Problem requirements ->
Could you copy exactly the lines below, beginning at the line with "Fewgb Black Gothic" and stopping after the line with "Lands' End Fleece", with no pictures?

++++ Records shown

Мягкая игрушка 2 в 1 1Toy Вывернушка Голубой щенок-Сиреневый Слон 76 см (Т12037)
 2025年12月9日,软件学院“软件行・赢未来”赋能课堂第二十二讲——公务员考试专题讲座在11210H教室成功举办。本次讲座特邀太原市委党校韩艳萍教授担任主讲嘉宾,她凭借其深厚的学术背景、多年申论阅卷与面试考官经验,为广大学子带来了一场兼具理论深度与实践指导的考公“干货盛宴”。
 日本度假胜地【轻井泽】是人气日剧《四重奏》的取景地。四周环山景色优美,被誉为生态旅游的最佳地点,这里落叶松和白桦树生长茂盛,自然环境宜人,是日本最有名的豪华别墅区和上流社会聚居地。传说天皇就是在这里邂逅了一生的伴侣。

++++++++
++++ Records shown

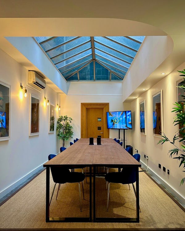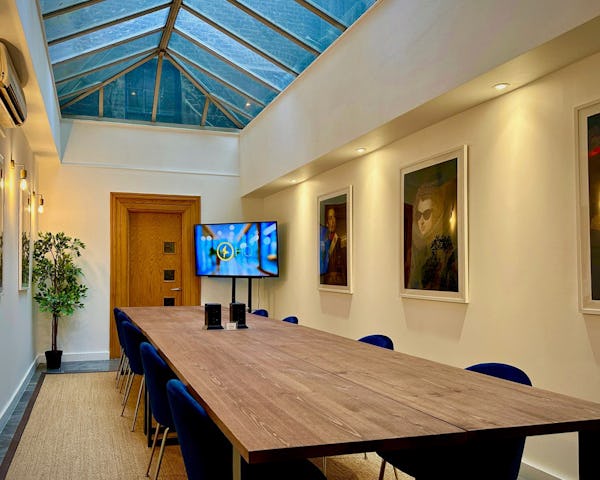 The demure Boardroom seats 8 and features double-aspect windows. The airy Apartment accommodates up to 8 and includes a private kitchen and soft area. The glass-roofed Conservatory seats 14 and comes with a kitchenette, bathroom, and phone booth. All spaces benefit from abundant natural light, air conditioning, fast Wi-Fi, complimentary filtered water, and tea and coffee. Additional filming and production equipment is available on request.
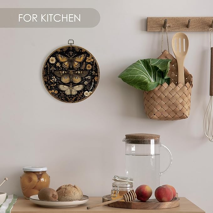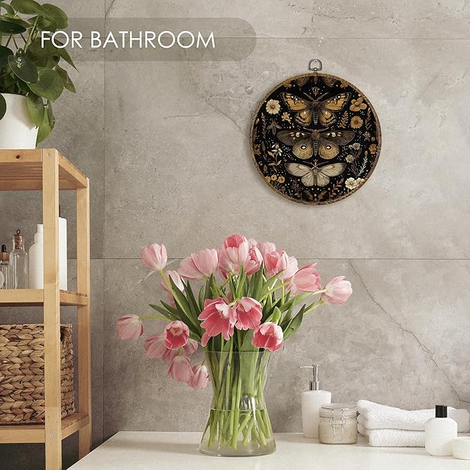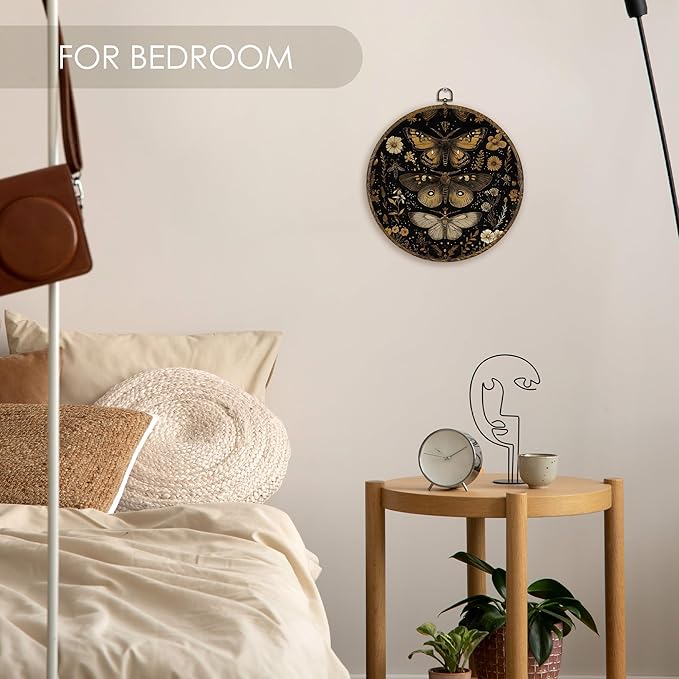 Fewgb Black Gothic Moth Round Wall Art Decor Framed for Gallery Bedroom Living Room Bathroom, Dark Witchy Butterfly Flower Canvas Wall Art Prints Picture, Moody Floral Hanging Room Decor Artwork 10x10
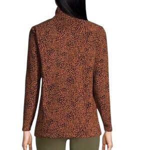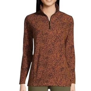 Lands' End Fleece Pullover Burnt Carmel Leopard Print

++++++++

Solution ->
 Fewgb Black Gothic Moth Round Wall Art Decor Framed for Gallery Bedroom Living Room Bathroom, Dark Witchy Butterfly Flower Canvas Wall Art Prints Picture, Moody Floral Hanging Room Decor Artwork 10x10
 Lands' End Fleece Pullover Burnt Carmel Leopard Print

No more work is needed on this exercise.